On the 24th April last year, we woke up in a parking bay on Dover seafront and caught a ferry to Calais with no booked return journey.  We had a vague plan of what route we wanted to take, as well as what we wanted to spend.  It’s now a year on and it seems we massively over predicted the amount of countries we could cover in a year, not quite realising how ambitious an undertaking it would be to try and fit Scandinavia and the Baltics into our schedule.  Similarly our estimate of how much we’d be spending over the year turned out to be a rather loose estimate, but the good news?  It was an over-estimate.
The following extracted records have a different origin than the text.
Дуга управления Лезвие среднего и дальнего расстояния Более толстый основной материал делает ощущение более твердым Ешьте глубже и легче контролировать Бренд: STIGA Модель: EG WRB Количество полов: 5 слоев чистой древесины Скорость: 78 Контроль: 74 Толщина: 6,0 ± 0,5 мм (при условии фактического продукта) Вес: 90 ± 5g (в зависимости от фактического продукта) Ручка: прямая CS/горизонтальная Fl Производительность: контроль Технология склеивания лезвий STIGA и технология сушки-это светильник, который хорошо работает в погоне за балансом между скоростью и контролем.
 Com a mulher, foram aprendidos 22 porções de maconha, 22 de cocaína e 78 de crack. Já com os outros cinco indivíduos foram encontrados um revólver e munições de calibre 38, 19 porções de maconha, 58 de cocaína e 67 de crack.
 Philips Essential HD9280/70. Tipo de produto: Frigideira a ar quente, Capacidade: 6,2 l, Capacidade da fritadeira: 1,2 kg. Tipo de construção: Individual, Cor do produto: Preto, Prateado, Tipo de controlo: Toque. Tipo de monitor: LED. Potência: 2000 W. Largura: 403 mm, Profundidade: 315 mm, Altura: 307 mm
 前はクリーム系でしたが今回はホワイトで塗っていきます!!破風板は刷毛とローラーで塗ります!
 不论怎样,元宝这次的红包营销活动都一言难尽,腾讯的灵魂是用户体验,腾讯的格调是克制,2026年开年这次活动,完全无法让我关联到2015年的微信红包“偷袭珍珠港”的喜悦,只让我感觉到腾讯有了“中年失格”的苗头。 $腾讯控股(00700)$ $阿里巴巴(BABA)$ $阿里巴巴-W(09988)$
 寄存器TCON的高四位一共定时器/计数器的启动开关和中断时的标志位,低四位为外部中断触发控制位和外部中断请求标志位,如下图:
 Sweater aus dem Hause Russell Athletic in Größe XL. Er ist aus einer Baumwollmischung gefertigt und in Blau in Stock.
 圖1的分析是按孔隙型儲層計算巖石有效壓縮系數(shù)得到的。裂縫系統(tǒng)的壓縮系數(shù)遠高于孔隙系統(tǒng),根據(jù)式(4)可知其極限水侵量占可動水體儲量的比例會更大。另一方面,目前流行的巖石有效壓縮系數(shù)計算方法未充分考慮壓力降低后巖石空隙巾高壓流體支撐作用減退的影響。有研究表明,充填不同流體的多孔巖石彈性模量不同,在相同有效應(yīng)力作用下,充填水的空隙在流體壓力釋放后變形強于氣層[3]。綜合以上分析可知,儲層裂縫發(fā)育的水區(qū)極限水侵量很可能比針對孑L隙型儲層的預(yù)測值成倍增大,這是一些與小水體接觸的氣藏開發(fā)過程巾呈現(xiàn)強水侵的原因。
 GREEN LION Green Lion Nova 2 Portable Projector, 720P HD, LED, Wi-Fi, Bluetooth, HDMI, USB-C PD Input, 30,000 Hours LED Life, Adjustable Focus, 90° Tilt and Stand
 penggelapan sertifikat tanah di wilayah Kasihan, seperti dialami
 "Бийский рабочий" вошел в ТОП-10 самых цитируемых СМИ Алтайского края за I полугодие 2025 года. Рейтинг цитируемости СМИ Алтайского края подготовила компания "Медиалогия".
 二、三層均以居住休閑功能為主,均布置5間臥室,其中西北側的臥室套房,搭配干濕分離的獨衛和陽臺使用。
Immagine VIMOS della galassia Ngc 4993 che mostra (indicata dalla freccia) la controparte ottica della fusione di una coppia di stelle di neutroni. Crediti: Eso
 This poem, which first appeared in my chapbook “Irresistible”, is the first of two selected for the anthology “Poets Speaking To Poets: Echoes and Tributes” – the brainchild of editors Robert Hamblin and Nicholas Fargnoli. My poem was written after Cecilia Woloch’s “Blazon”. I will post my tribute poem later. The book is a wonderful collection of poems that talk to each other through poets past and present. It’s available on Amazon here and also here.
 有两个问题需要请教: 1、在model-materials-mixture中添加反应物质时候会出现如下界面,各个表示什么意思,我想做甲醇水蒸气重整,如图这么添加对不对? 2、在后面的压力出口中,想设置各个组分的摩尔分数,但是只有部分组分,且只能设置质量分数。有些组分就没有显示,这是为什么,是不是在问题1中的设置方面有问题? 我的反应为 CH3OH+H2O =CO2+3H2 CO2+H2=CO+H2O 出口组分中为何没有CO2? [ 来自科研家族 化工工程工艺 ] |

People in our age-group are a minority when it comes to motorhoming, and we’re very lucky to have had the opportunity to do this.  We’re certainly not rich however, and this trip was the result of a lot of time rigorously saving.  A few years ago, we spent 16 days on a 3000 mile trip down to north Portugal in a self-build campervan, a holiday in which we kept written records of all our spending.  To choose a target of how much we’d need to save for this trip, we looked at what we spent during that previous holiday, making adjustments for what we expected we’d do over the long term (such as a lot less time driving!) and extrapolating it out over a year.  This brought us to the nice round target of £10000 (£415 per person per month) excluding the van road tax and insurance, which works out as a £192 weekly budget.  We also allowed for a £2000 contingency in case the money didn’t stretch as far as we hoped or something expensive cropped up like a van repair.

Twelve months down the line, and how’s that 10k looking?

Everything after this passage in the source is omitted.